4. Degraded Mode Fallback
Use when: Partial results are better than complete failure.
in query: String
# Try full context generation
fullContext = GenerateContext(query) with
timeout: 10s,
retry: 2,
fallback: { summary: "", relevance: 0.0 }
# Try document retrieval
docs = VectorSearch(query) with
timeout: 5s,
retry: 2,
fallback: []
# Generate with whatever context is available
response = GenerateWithContext(query, docs, fullContext)
out response
Behavior:
- Context generation fails → use empty context
- Vector search fails → use empty docs
- Generation still proceeds with degraded inputs
When to use:
- Non-critical features (enrichment, metadata)

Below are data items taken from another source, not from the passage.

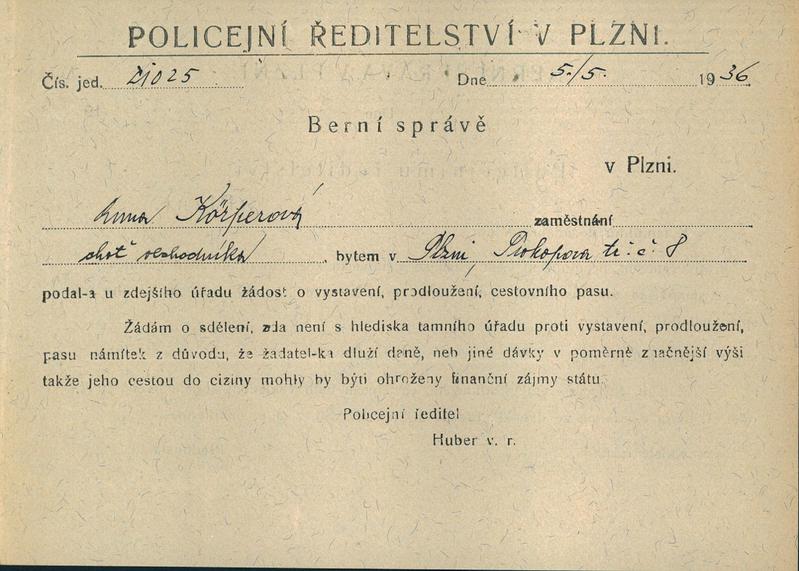Státní oblastní archiv v Plzni > Policejní ředitelství Plzeň > 1918-1951 > K > Körperová Anna
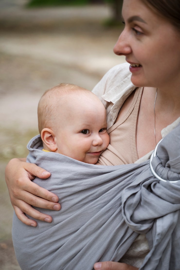 - В качестве альтернативы, маме потребуется освоить использование слинга без ребенка. Важно запомнить технику и узнать, как корректно затягивать фиксаторы.
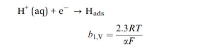 方程式中b是塔菲尔斜率,我们通常使用塔菲尔梯度来确定氢析出反应进行的路径,塔菲尔斜率表示当电流密度增加十倍时所需的电位差。通过将极化曲线(电流密度与电位)重新绘制为塔菲尔图,可以通过将塔菲尔图的线性区域拟合到塔菲尔方程来确定塔菲尔斜率,这是获得塔菲尔斜率值的最常用方法。 塔菲尔斜率的较小意味着增加相同的电流密度需要较小的过电位,这意味着更快的电荷转移动力学。alpha;是对称系数为0.5,T是绝对温度,F是法拉第常数,R是理想气体常数。
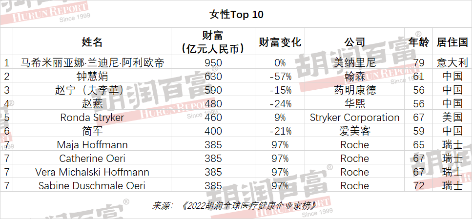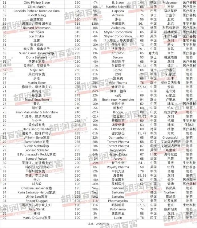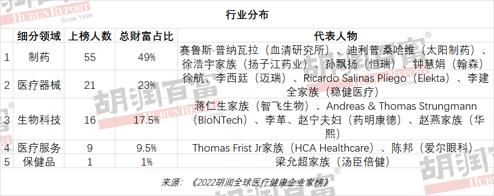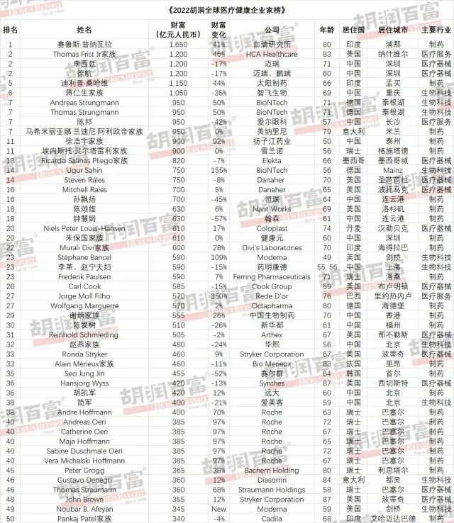 2022胡润全球医疗健康企业家榜单,中国上榜39位

- Operations where partial data is useful
- User experience prioritizes response over completeness
5. Fallback with Logging
Use when: Fallback is used, but you want visibility into failures.
in userId: String
in defaultData: Record
profile = LoadUserProfile(userId) with
retry: 3,
timeout: 5s,
fallback: defaultData,
on_error: log
out profile
Behavior:
- Try to load profile (with retry)
- If failed, return
defaultData - Log error before using fallback
Why this matters:
- Fallback masks errors from users
- Logging ensures engineers see failures
- Allows monitoring of fallback usage rate
Monitoring:
# Count fallback usage
grep "LoadUserProfile fallback" logs/*.log | wc -l
# If >5% of requests use fallback, investigate
6. Conditional Fallback
Use when: Fallback should vary based on context.
in query: String
in userTier: String
response = GeneratePremium(query) with
timeout: 30s,
retry: 2,
fallback: when userTier == "free"
then GenerateBasic(query)
else RaiseError("Premium service unavailable")
out response
Behavior:
- Free users: fallback to basic generation
- Premium users: error raised (no degraded experience)
Use cases:
- Tiered service levels
- A/B testing (fallback for control group only)

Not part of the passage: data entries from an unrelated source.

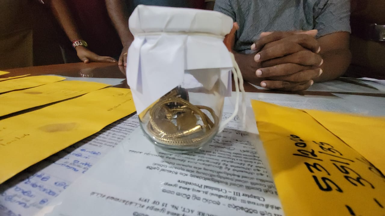 விசாரணைகளின் அடிப்படையில் , பன்றித்தலைச்சி அம்மன் கோவிலில் களவாடிய தாலிக்கொடியை தான் கிளிநொச்சி பகுதியில் உள்ள தாம் வழிபாட்டிற்கு செல்லும் ஆலயம் ஒன்றின் பிள்ளையார் சிலைக்கு பின்புறமாக மறைத்து வைத்திருப்பதாக வாக்குமூலம் அளித்திருந்தார்.
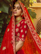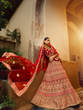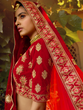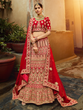 Red Embroidered Velvet Semi Stitched Lehenga With Unstitched Blouse
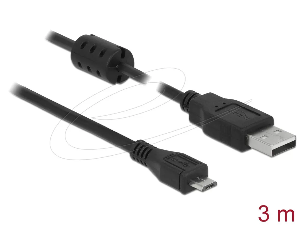 USB kábel, USB-A, microUSB-B, USB2.0, Male/Male, 3m, Black, Töltő és adatkábel
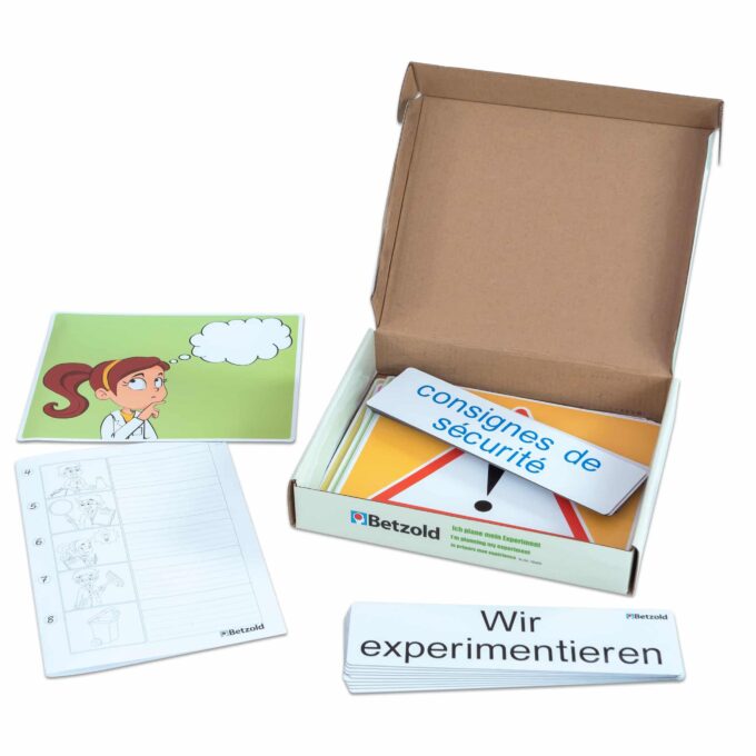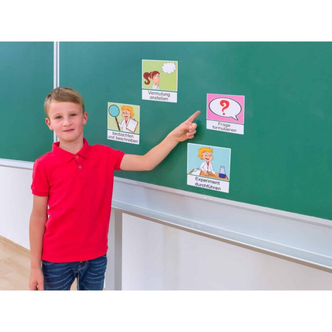 Forschen und Experimentieren macht Kindern ungemein Spaß! Doch wie geht man an die Planung eines Experiments heran? Die Fragen, die beim Experimentieren auftauchen, können mit dem Betzold Tafelmaterial klar und strukturiert beantwortet werden. Jedes der Schilder ist speziell dafür konzipiert, den Ablauf eines Experiments Schritt für Schritt zu erläutern.

- Conditional degradation based on load
Combined Patterns
1. Full Resilience Stack
Use when: Operation is critical, expensive, and unreliable.
in prompt: String
in defaultResponse: String
response = GenerateText(prompt) with
cache: 1h,
retry: 3,
delay: 1s,
backoff: exponential,
timeout: 30s,
fallback: defaultResponse,
on_error: log
out response
Execution order:
- Check cache (if hit, return immediately)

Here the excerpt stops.